Task statement: Reproduction of part of the material below, pictures omitted: copy exactly, and only, the lines starting with the one with "有网友发布短影音爆料称,今天" and going on through the one with "在朋友们在挑战成功后,可以选".
*** Task material ***
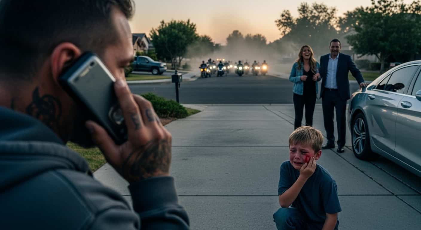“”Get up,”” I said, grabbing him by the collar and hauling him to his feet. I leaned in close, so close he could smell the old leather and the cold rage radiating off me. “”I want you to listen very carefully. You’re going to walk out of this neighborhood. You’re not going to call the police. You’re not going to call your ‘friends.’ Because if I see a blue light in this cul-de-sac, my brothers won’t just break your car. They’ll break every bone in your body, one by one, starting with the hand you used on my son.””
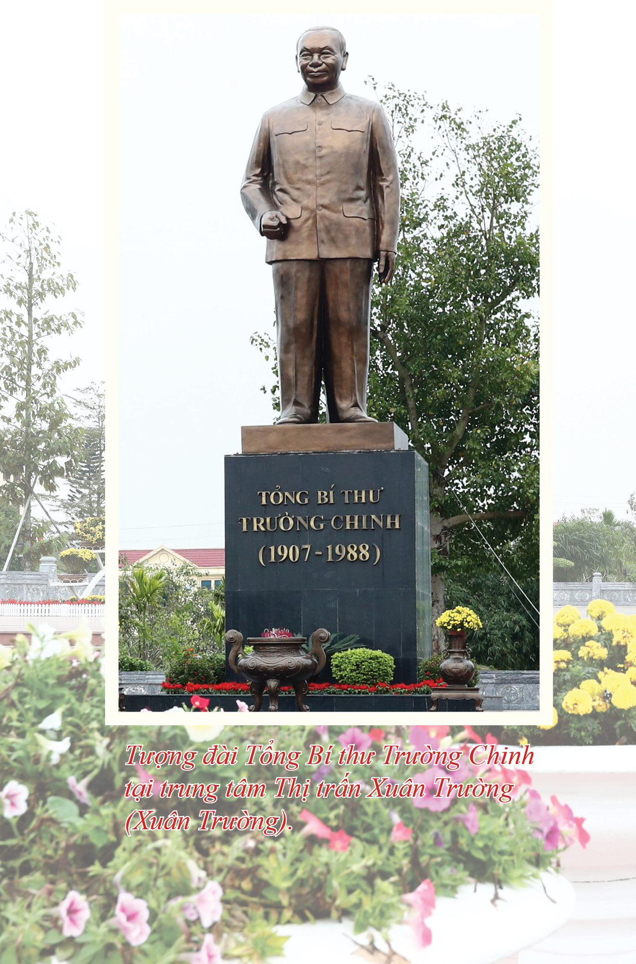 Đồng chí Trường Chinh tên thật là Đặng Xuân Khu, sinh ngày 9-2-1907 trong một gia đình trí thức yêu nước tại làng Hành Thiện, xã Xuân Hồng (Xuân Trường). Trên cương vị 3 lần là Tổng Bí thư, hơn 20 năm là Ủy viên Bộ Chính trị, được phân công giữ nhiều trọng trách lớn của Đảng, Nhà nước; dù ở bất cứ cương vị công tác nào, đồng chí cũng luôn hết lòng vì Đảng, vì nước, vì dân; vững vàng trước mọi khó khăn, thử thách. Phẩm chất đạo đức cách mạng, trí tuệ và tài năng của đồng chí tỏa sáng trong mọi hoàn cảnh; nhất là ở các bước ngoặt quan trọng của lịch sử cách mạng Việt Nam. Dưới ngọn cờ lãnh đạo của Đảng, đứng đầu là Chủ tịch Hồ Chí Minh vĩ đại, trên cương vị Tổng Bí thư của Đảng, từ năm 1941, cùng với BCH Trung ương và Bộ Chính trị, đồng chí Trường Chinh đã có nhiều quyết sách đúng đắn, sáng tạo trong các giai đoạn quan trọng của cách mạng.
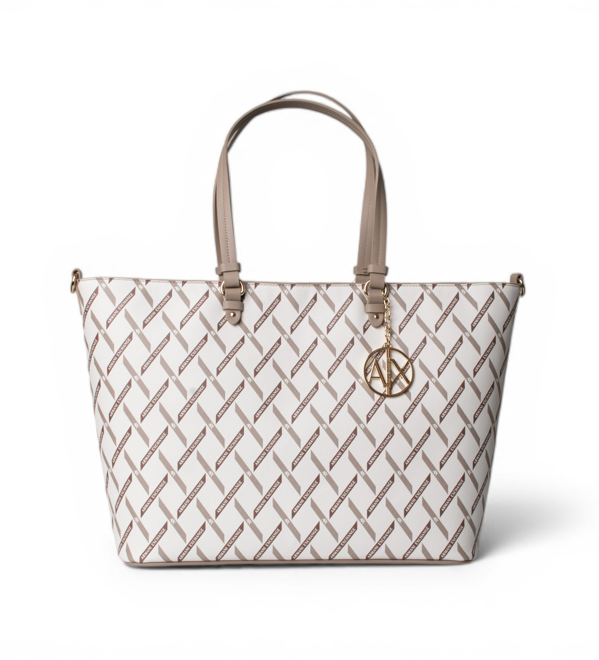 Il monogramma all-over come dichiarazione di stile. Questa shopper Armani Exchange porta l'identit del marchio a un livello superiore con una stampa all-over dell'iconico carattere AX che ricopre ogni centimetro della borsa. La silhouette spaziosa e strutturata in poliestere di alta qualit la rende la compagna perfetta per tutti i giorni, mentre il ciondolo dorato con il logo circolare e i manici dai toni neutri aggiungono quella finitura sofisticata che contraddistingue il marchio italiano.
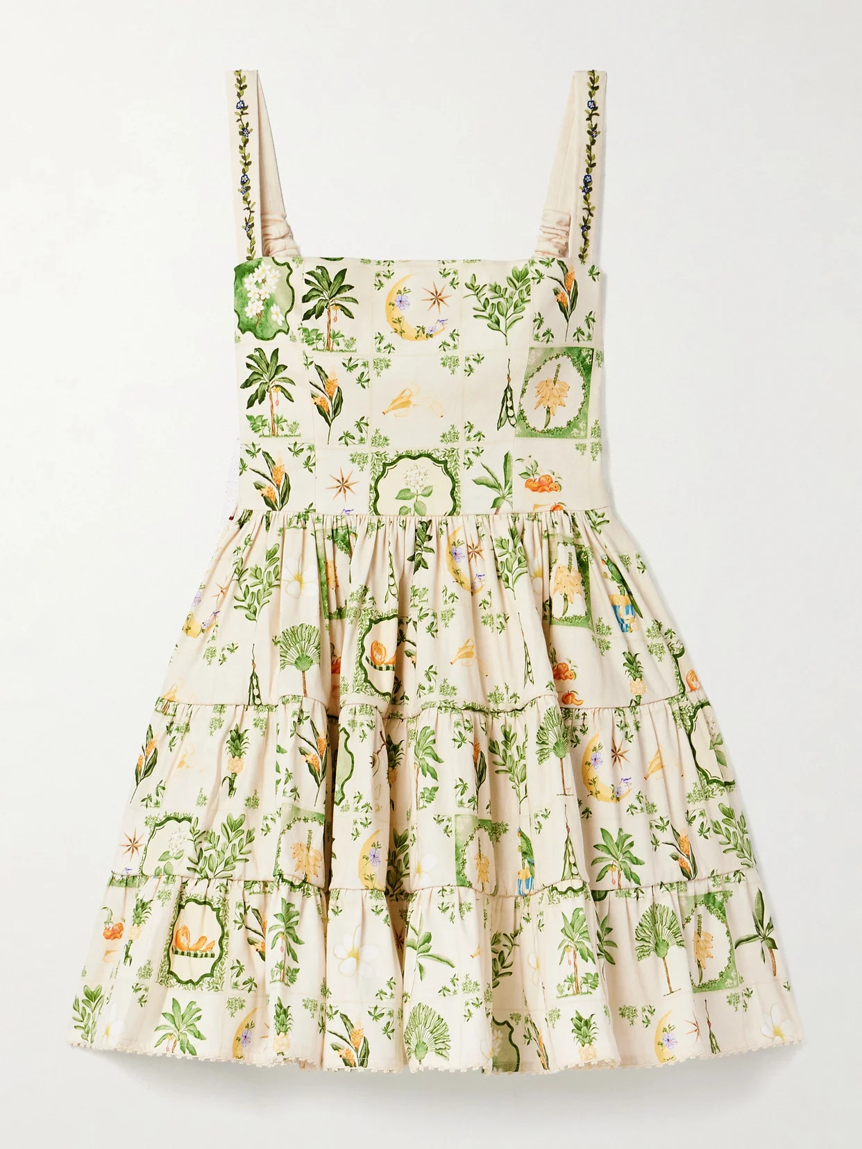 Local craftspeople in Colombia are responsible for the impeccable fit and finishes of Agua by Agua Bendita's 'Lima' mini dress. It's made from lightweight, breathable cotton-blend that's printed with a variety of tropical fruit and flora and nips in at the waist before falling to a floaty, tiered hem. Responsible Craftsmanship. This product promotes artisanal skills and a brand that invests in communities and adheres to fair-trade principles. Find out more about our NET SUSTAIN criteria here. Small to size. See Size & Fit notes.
*** End of Task material ***
*** Task material ***
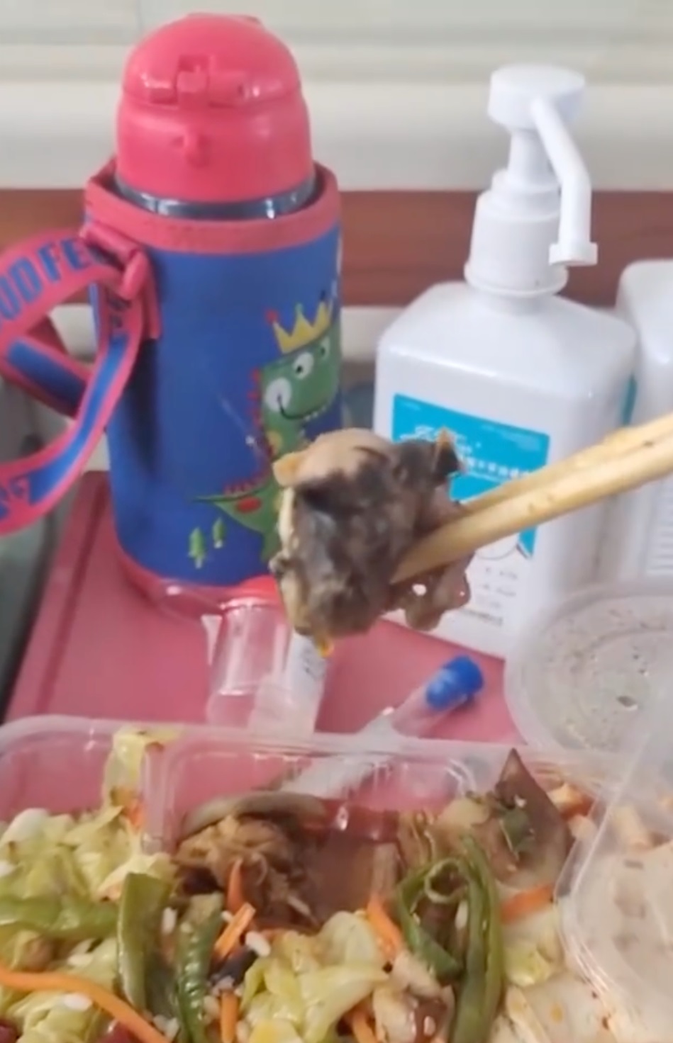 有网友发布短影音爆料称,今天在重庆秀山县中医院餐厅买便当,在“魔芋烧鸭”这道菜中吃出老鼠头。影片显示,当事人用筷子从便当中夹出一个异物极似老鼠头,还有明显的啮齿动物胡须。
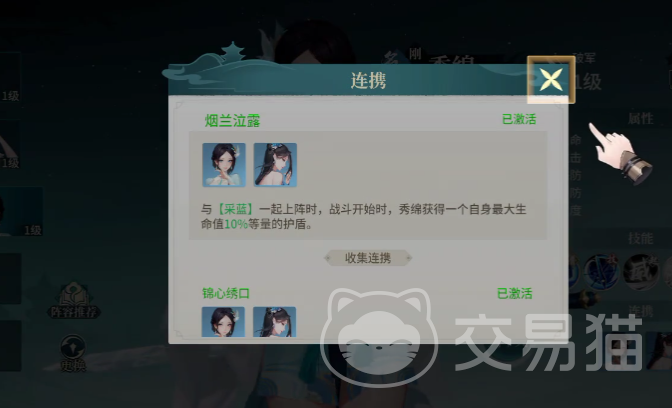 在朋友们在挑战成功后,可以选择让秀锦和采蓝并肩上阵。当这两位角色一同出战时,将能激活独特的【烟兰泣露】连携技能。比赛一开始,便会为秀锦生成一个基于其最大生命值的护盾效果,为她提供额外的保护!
*** End of Task material ***
Solution for this problem:
 有网友发布短影音爆料称,今天在重庆秀山县中医院餐厅买便当,在“魔芋烧鸭”这道菜中吃出老鼠头。影片显示,当事人用筷子从便当中夹出一个异物极似老鼠头,还有明显的啮齿动物胡须。
 在朋友们在挑战成功后,可以选择让秀锦和采蓝并肩上阵。当这两位角色一同出战时,将能激活独特的【烟兰泣露】连携技能。比赛一开始,便会为秀锦生成一个基于其最大生命值的护盾效果,为她提供额外的保护!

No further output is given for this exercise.